» **Listed records**
-=-=-=-=-
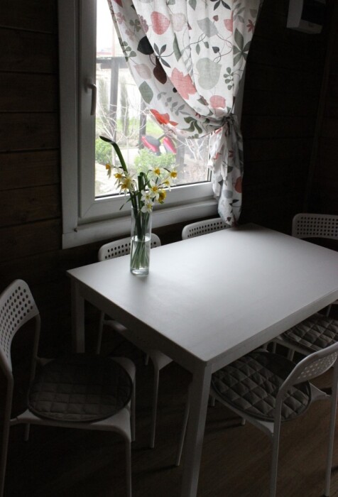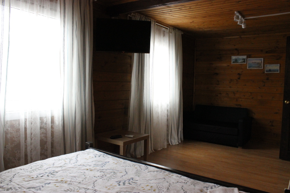 Для размещения гостям предлагается: двое апартаментов до 4 гостей и двухэтажный деревянный коттедж «Пилигрим» до 6 гостей.
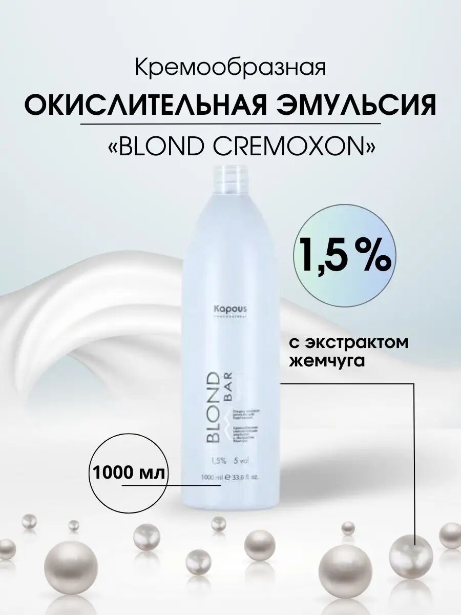 KAPOUS, BLOND BAR, Blond Cremoxon, Кремообразная окислительная эмульсия с экстрактом Жемчуга, 3%, 1000 мл
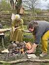 Gelegentlich weht einem der Duft von geräuchertem oder gebratenem in die Nase. Dann kann man sich sicher sein, dass ganz in der Nähe Darstellerinnen und Darsteller dabei sind, ihre Mahlzeit auf die für Wikingerinnen und Wikinger typischen Methoden zuzubereiten.
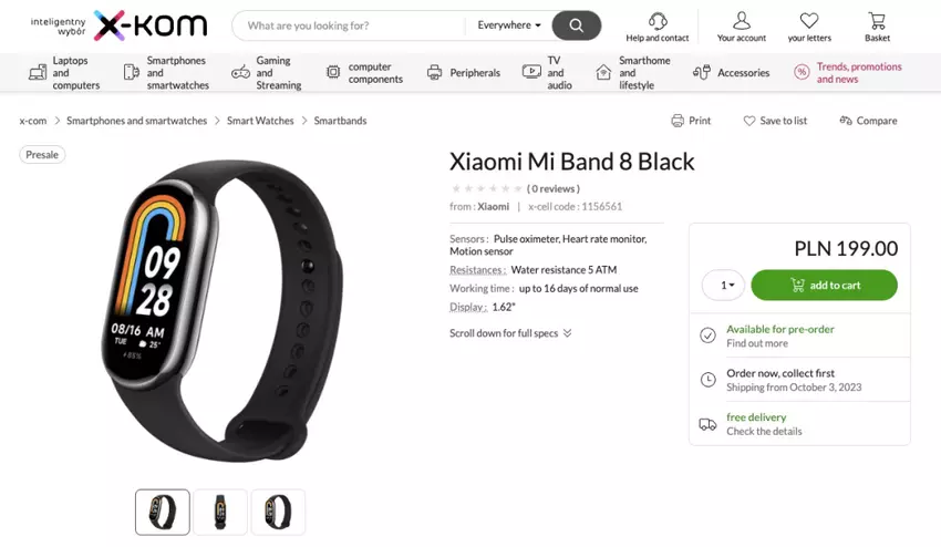 Een grote Poolse retailer heeft een productpagina op zijn website aangemaakt met details over de start van de verkoop. Toegegeven, de armband heet niet Xiaomi Smart Band 8, maar Mi Band 8. De pagina werd snel verwijderd, maar niet zo snel dat journalisten geen tijd hadden om een screenshot te maken.
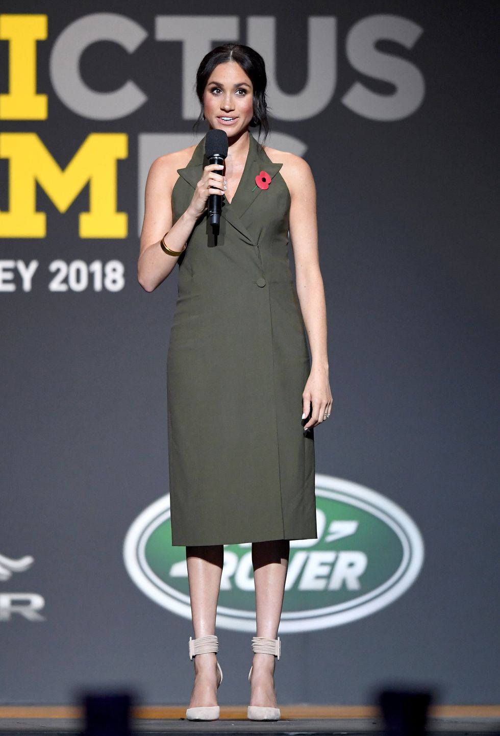 The Duchess of Sussex speaks during the Invictus Games Closing Ceremony at Qudos Bank Arena on October 27, 2018, in Sydney, Australia wearing an olive Antonio Berardi tux dress and Aquazzura heels. (Photo via Karwai Tang/WireImage)
-=-=-=-=-
» **What is required**
The listing above should be repeated word for word, pictures removed.

» **Output below**
 Для размещения гостям предлагается: двое апартаментов до 4 гостей и двухэтажный деревянный коттедж «Пилигрим» до 6 гостей.
 KAPOUS, BLOND BAR, Blond Cremoxon, Кремообразная окислительная эмульсия с экстрактом Жемчуга, 3%, 1000 мл
 Gelegentlich weht einem der Duft von geräuchertem oder gebratenem in die Nase. Dann kann man sich sicher sein, dass ganz in der Nähe Darstellerinnen und Darsteller dabei sind, ihre Mahlzeit auf die für Wikingerinnen und Wikinger typischen Methoden zuzubereiten.
 Een grote Poolse retailer heeft een productpagina op zijn website aangemaakt met details over de start van de verkoop. Toegegeven, de armband heet niet Xiaomi Smart Band 8, maar Mi Band 8. De pagina werd snel verwijderd, maar niet zo snel dat journalisten geen tijd hadden om een screenshot te maken.
 The Duchess of Sussex speaks during the Invictus Games Closing Ceremony at Qudos Bank Arena on October 27, 2018, in Sydney, Australia wearing an olive Antonio Berardi tux dress and Aquazzura heels. (Photo via Karwai Tang/WireImage)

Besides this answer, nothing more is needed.